▸ **DESCRIPTION OF THE TASK**
The reply should contain every entry below exactly as written, with no images.

* * *

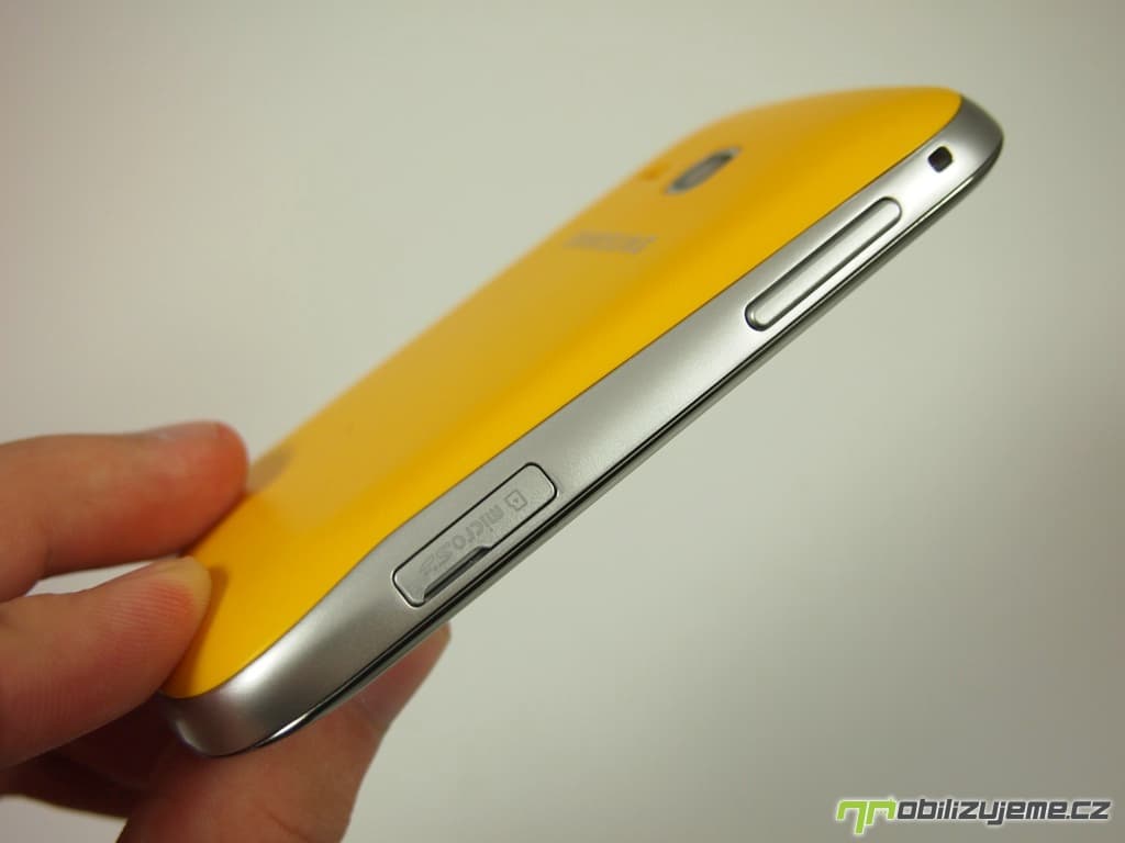 Tlačítko pro regulaci hlasitosti, zdířka pro uchycení na poutko a prakticky umístěný slot pro microSD karty se nachází na levém boku. Na pravém boku je to pak pouze tlačítko pro zamknutí/odemknutí telefonu.
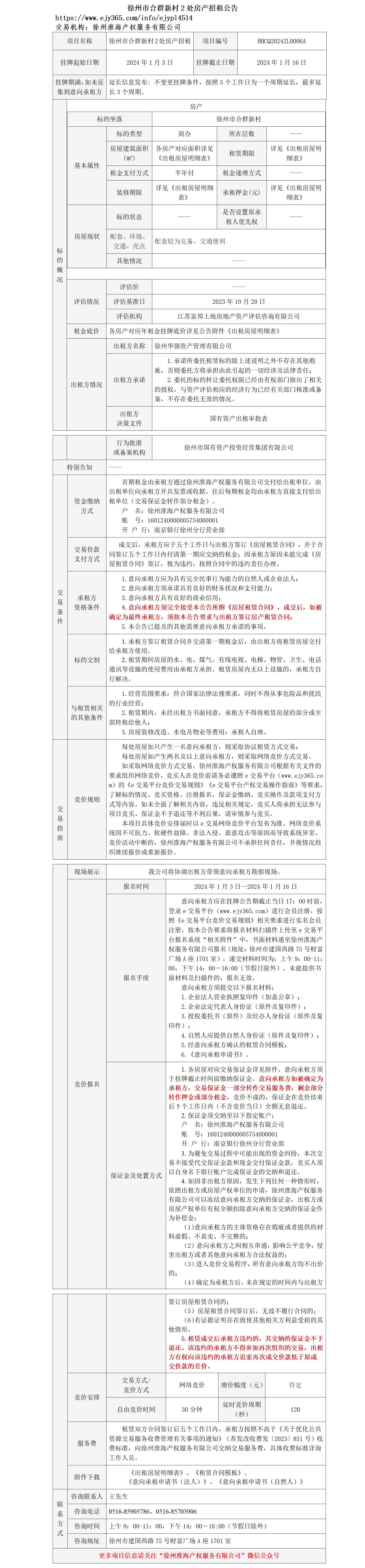 徐州市合群新村2處房產(chǎn)招租公告
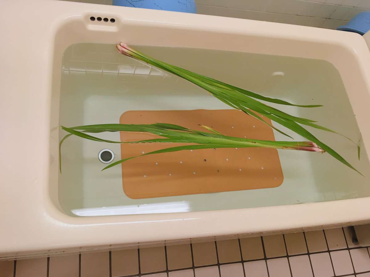 菖蒲が浮いている浴槽を皆様がみて「まあーこんな時期なのー」など顔がほころんでいました!
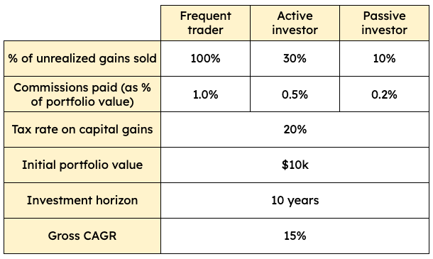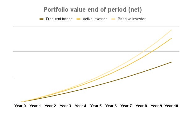 Note that the examples (and the numbers) here are fictional and only intend to differentiate three types of investors in terms of how active they trade their portfolios. Real life is much more complex, but the objective of this article is to show how much these costs can potentially hinder long-term returns.
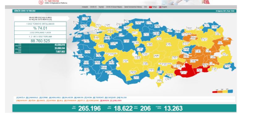 Sağlık Bakanlığı'nın internet sitesinde yer alan Türkiye Günlük Koronavirüs Tablosu'nun güncel verileri paylaşıldı.
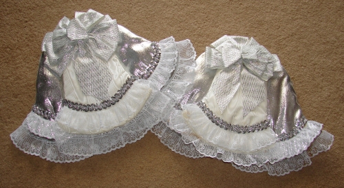 Pair of Handcrafted Bell Wall hangings, circa 1970's.  Made of Silver Lame' and White Moire Fabrics.  Beautiful White lace and Silver sequin trim.  Large White & Silver Bow at top. Plush batting filled. Size Approx. 22" at widest point by 15" high. Comes as pair.
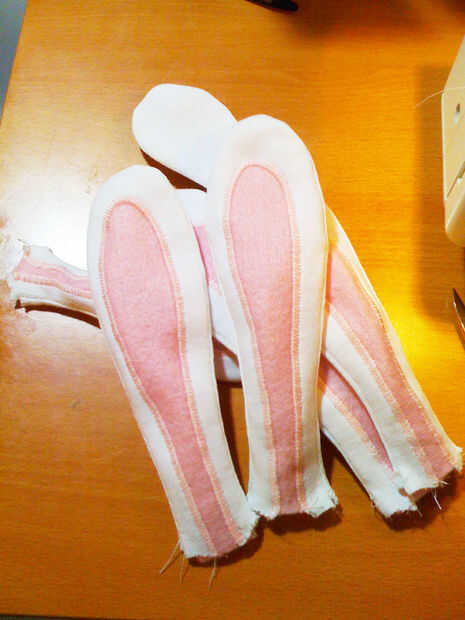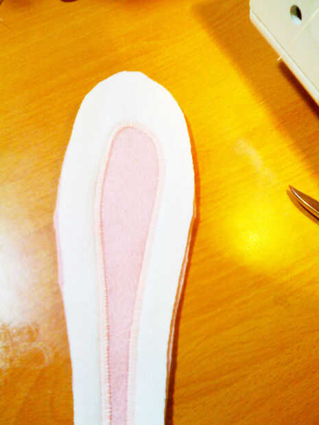 Ahora ponga la segunda parte de la oreja sobre la parte delantera y coser alrededor de los bordes. Hacerlo desde el lado con el fieltro, así que no te del fieltro dentro de la costura (o a granel para arriba). Girar las orejas hacia fuera y tendrás una especie de punto de bolsillo sobre el fieltro más rígido, que soporta el oído entero. Quise decirles de hierro para que sean más planas, pero recuerdo!
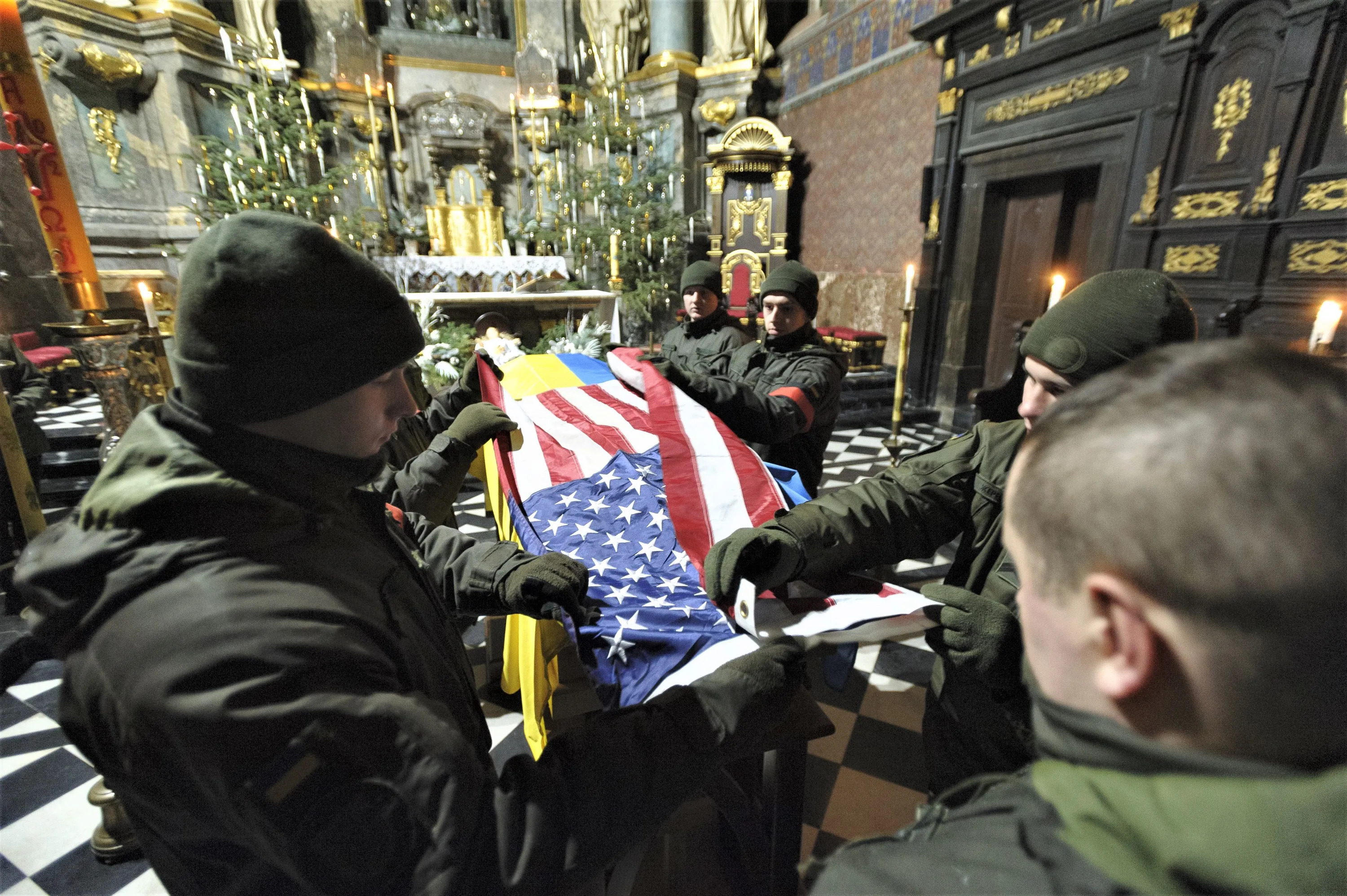 Ukrainians soldiers participate in the farewell ceremony for US citizen Daniel W. Swift in Lviv, Ukraine, Tuesday, January 31, 2023. A former US Navy SEAL who went AWOL in 2019, Swift was killed last week in Ukraine in fighting with the Russian army. (Photo by Mateusz Nowak/AP Photo)
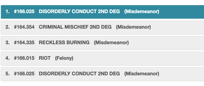 https://kval.com/news/local/eugene-pd-several-arrests-made-from-riot-during-last-weekend-of-may James Bradley Blaylock, age 23, of Eugene: Riot, Disorderly Conduct 2 (two counts), Criminal Mischief 2, Reckless Burning
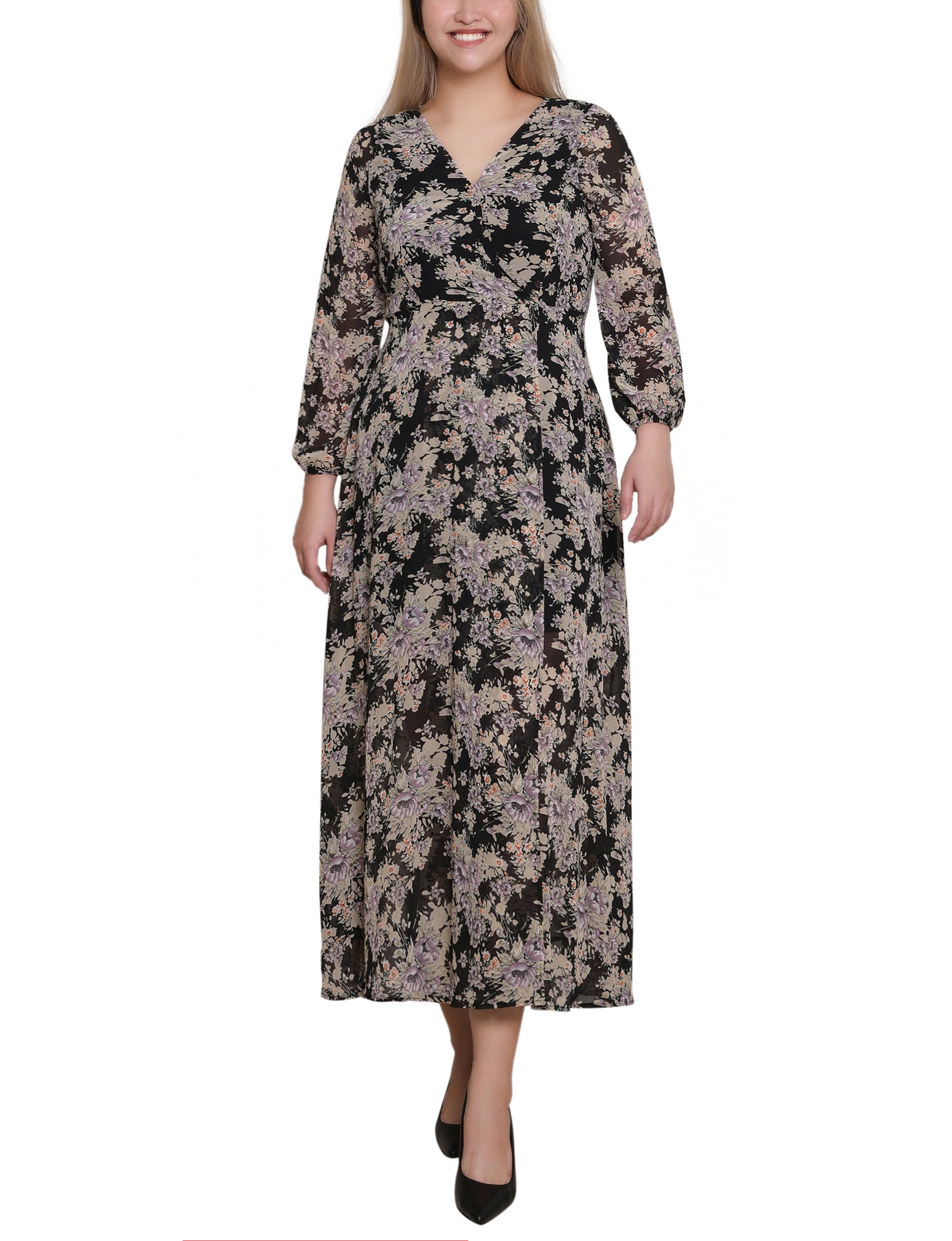 Black Ivory Floral 3/4 Sleeve Surplice Midi Dress
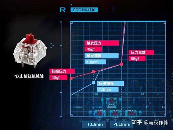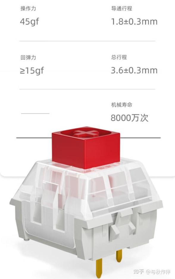 这个问题,上一部分已经提到了,但是这里细说。首先大多数轴以cherry红轴作为标杆,红轴的触发压力45g,总行程4mm,导通行程4mm,弹簧长度15mm。

* * *

▸ **WRITTEN RESPONSE**
 Tlačítko pro regulaci hlasitosti, zdířka pro uchycení na poutko a prakticky umístěný slot pro microSD karty se nachází na levém boku. Na pravém boku je to pak pouze tlačítko pro zamknutí/odemknutí telefonu.
 徐州市合群新村2處房產(chǎn)招租公告
 菖蒲が浮いている浴槽を皆様がみて「まあーこんな時期なのー」など顔がほころんでいました!
 Note that the examples (and the numbers) here are fictional and only intend to differentiate three types of investors in terms of how active they trade their portfolios. Real life is much more complex, but the objective of this article is to show how much these costs can potentially hinder long-term returns.
 Sağlık Bakanlığı'nın internet sitesinde yer alan Türkiye Günlük Koronavirüs Tablosu'nun güncel verileri paylaşıldı.
 Pair of Handcrafted Bell Wall hangings, circa 1970's.  Made of Silver Lame' and White Moire Fabrics.  Beautiful White lace and Silver sequin trim.  Large White & Silver Bow at top. Plush batting filled. Size Approx. 22" at widest point by 15" high. Comes as pair.
 Ahora ponga la segunda parte de la oreja sobre la parte delantera y coser alrededor de los bordes. Hacerlo desde el lado con el fieltro, así que no te del fieltro dentro de la costura (o a granel para arriba). Girar las orejas hacia fuera y tendrás una especie de punto de bolsillo sobre el fieltro más rígido, que soporta el oído entero. Quise decirles de hierro para que sean más planas, pero recuerdo!
 Ukrainians soldiers participate in the farewell ceremony for US citizen Daniel W. Swift in Lviv, Ukraine, Tuesday, January 31, 2023. A former US Navy SEAL who went AWOL in 2019, Swift was killed last week in Ukraine in fighting with the Russian army. (Photo by Mateusz Nowak/AP Photo)
 https://kval.com/news/local/eugene-pd-several-arrests-made-from-riot-during-last-weekend-of-may James Bradley Blaylock, age 23, of Eugene: Riot, Disorderly Conduct 2 (two counts), Criminal Mischief 2, Reckless Burning
 Black Ivory Floral 3/4 Sleeve Surplice Midi Dress
 这个问题,上一部分已经提到了,但是这里细说。首先大多数轴以cherry红轴作为标杆,红轴的触发压力45g,总行程4mm,导通行程4mm,弹簧长度15mm。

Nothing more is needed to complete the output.